Smoothing Rough Waters: USU Data Scientists Use Deep Learning to Identify River Rapids - Utah State University
Smoothing Rough Waters: USU Data Scientists Leverage AI to Identify River Rapids
Researchers at Utah State University (USU) have successfully employed deep learning to create a continental-scale river image dataset, enhancing hydrologic research. This project involved both undergraduate and graduate students who collaborated on a year-long initiative that culminated in a peer-reviewed publication and a presentation slated for the 2026 Spring Runoff Conference.
The initiative originated from a seminar that facilitated a partnership between USU, the National Park Service, and the U.S. Geological Survey. Spearheaded by USU's statistician Brennan Bean, students were challenged to determine if AI could identify specific rapids in satellite images. This breakthrough could aid water managers by enabling remote inferences of river flow in locations lacking physical measurements.
Initially focusing on the collection of 3,000 images, the project grew tremendously, resulting in over 280,000 satellite images collected. Students utilized AI to train neural networks capable of isolating rivers and accurately identifying rapids. The creation of this extensive dataset supports diverse hydrologic applications such as discharge estimation, habitat assessment, and resource management.

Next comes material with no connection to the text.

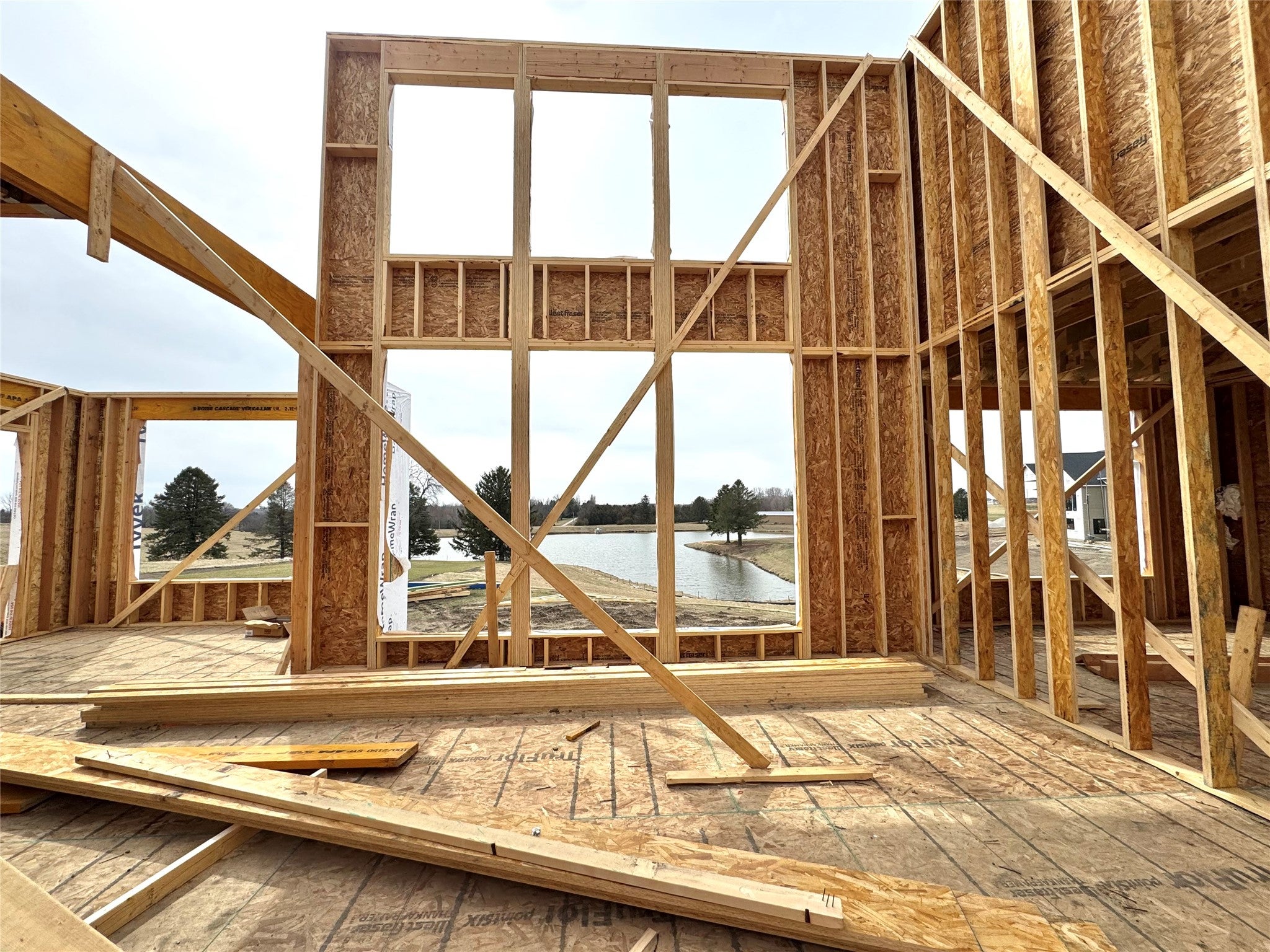 Beautiful 1.5-story home by Destination Homes set on a .49-acre lot backing to a serene pond, offering stunning views and exceptional outdoor living with a covered deck and patio. This thoughtfully designed home features an open layout with soaring windows and a dramatic 2-story great room. The main level includes a den, a chef-inspired kitchen with JennAir appliances, including a 48 dual-fuel range, a large walk-in pantry, and a dining room overlooking the pond. The luxurious primary suite offers dual vanities, a soaking tub, tiled shower, walk-in closet, and linen storage. A custom mudroom, powder room, and laundry complete the main floor. Upstairs, youll find three bedroomsone with a private bath and two sharing a full bath. The finished walk-out lower level adds a second family room with a fireplace, a custom-designed wet bar, two additional bedrooms, an exercise room, and a bathroom. A 4-car garage with over 1,000 sq. ft. includes a tandem stall for flexibility. Built with quality craftsmanship, this home features 2x6 construction, blown-in insulation, upgraded windows, 30-year shingles, and high-efficiency HVAC. Pricing and features subject to change; additional lots and plans available.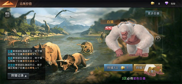 但是,通过探索模式能够获得的狩猎币,基本上都是普通狩猎币,高级狩猎币是很少的。小伙伴们如果想要获取比较高等级的恐龙的话,那么就需要关注平时的一些活动和主线任务了,通过这些主线任务和活动的小伙伴们,不仅可以普通的狩猎币,有机会获得高级的狩猎币,在高级狩猎场中进行捕猎。

The interdisciplinary effort included contributions from professionals and students, emphasizing the vital role of hands-on learning in practical problem-solving. The skills gained from this project have equipped students to tackle complex challenges in real-world contexts, significantly elevating their educational experience.
USU statistics doctoral student Kelvyn Bladen will present the findings at the upcoming conference, showcasing how AI can effectively transform river management practices and contribute to ecological sustainability.